Paul Graham on Fighting Spam
Ramakrishnan M writes "Paul Graham, the Lisp Guru is back with a great technique to fight spam. It is based on trust matric, and he claims, only 5 out of 1000 spams got leaked out of this system with 0 false positives. Worth looking at."
Create an E-Mail address called, say, spam@example.net.
Put a link to it on your website, but tell people not to use it for anything, E.G.
<a href="mailto:spam@example.net">Spam trap - don't use me</a>
Then, it'll get harvested along with all the others on your site. That mail box will fill up with spam, and nothing else.
What good is that? Well, you've got a ready-made list of messages to filter *out* of your other mail boxes!
So, just write a script that checks each inbound E-Mail against the spam list. If it matches, you *know* it's either:
1. Spam
or
2. An E-Mail that somebody has also sent to the "Don't use me" address.
In either case, you don't want to read it, so it gets auto-deleted. Nice.
Oh, I think I'll patent this, and not tell any of you about the royalty I'm going to charge in 15 years time. Hahahahahahaha!!!

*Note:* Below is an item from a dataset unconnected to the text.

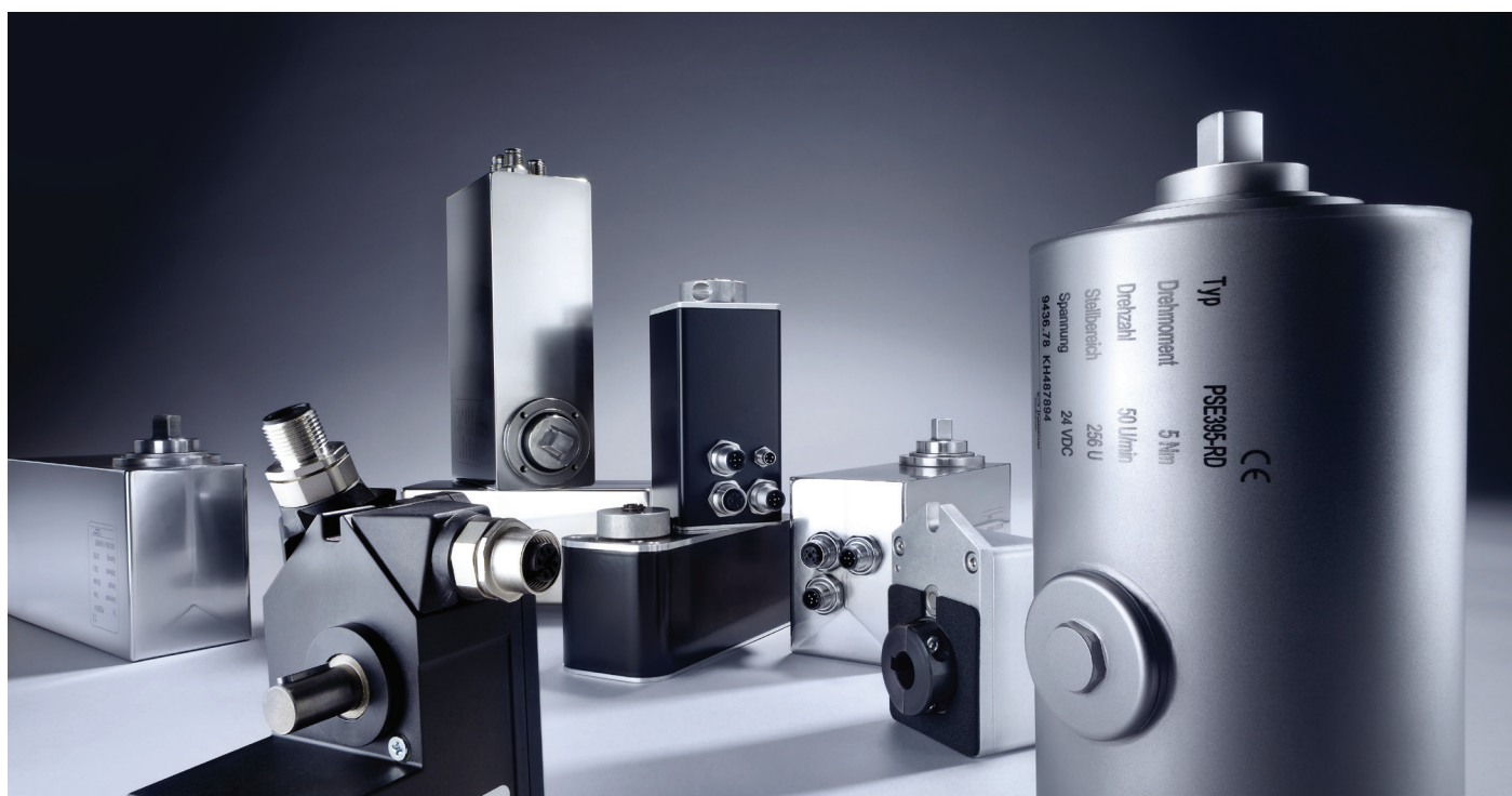
Abb. 4: Die Produktfamilie der halstrup-walcher-Positioniersysteme – optimal anpassbar auf jede Positionieraufgabe

halstrup-walcher GmbH Stegener Straße 10 79199 Kirchzarten 0 76 61 - 39 63 0 www.halstrup-walcher.de info@halstrup-walcher.de

Oh, by the way, first post, first post... NOT!
Here's how: the spam should be written as a 'multipart/alternative' with an html version of the spam as the primary alternate. The text version contains an innocuous message intended to pass the statistical spam filter. The spam message is entirely contained as an /image/ within the html. The text of the spam becomes invisible to the reader but not to the poor schmuck who gets the email.

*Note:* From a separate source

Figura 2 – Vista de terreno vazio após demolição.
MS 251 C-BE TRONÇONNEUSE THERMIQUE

I'm guessing here that the inclusion of a single image tag in the html is unlikely to trigger the spam filter, and supplying a wealth of evidence that the email is 'not' spam in the unseen alternate text will let the letter through.
Comment removed based on user account deletion
This is the brilliant part, and crucial to the endeavour, and so easy to implement!

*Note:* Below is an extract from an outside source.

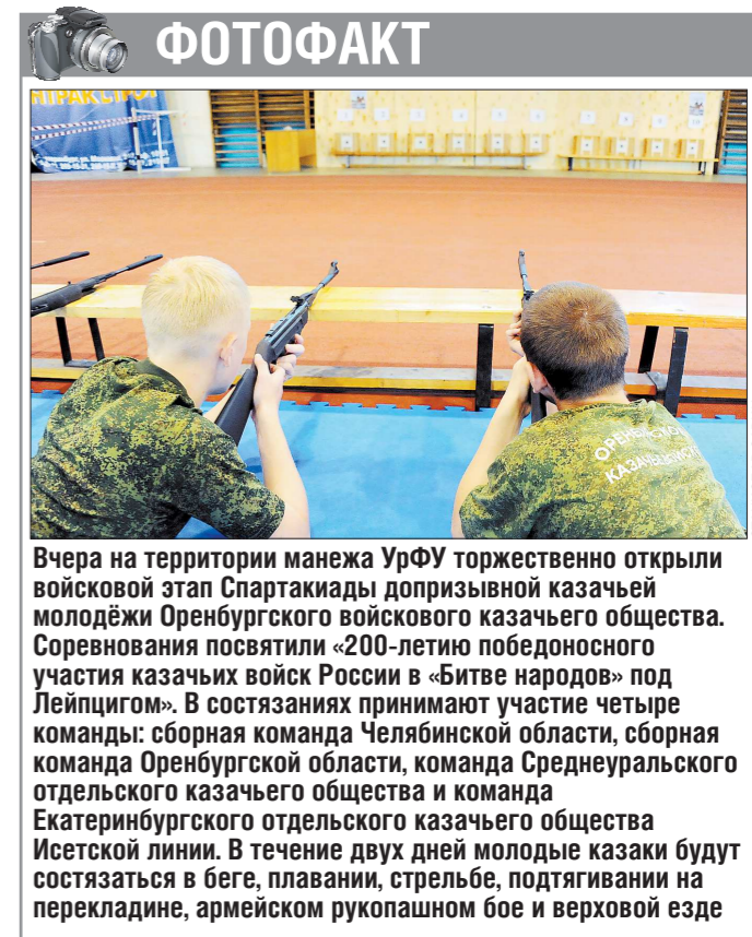
Вчера на территории манежа УрФУ торжественно открыли войсковой этап Спартакиады допризывной казачьей молодёжи Оренбургского войскового казачьего общества. Соревнования посвятили «200-летию победоносного участия казачьих войск России в «Битве народов» под Лейпцигом». В состязании принимают участие четыре команды: сборная команда Челябинской области, сборная команда Оренбургской области, команда Среднеуральского отдельского казачьего общества и команда Екатеринбургского отдельского казачьего общества Исетской линии. В течение двух дней молодые казаки будут состязаться в беге, плавании, стрельбе, подтягивании на перекладине, армейском рукопашном бое и верховой езде

It appears all the nay-sayers here haven't even read the article (no surprise). With as little code as needed to implement this it should be a must in the next mozilla mail/pine etc. code base.
only infrmatn esentil to understandn mst b tranmitd
Having had the same email address since '93, I receive close to 1000 spams per day to my personal account (which is also aliased from root/postmaster/webmaster).
/dev/null.
I've tried everything under the planet to reduce the amount that I see in my mailbox; SpamAssassin being one of the best so far. But even that lets through quite a bit (around 10%).
So I decided to attack it from a different angle. I wrote a series of perl-scripts that I plunked into my procmail file.
The scripts work by checking the address of the sender each time a message is received. That address is looked up in a database. If it exists in the db, and it's marked as "authorized", it's just passed into my mailbox.
If it's marked as denied,
If it's never been seen before, an authentication message is sent to the sender asking them to reply to it to authorize themselves. If that authmessage is bounced back, a db entry is made as "denied".
If it's replied to in a normal fashion, that email is marked as "authorized" and any queued up mail from that person is pushed out.
The concept is that spam will almost never have a valid reply-to; so it will bounce and be marked as denied.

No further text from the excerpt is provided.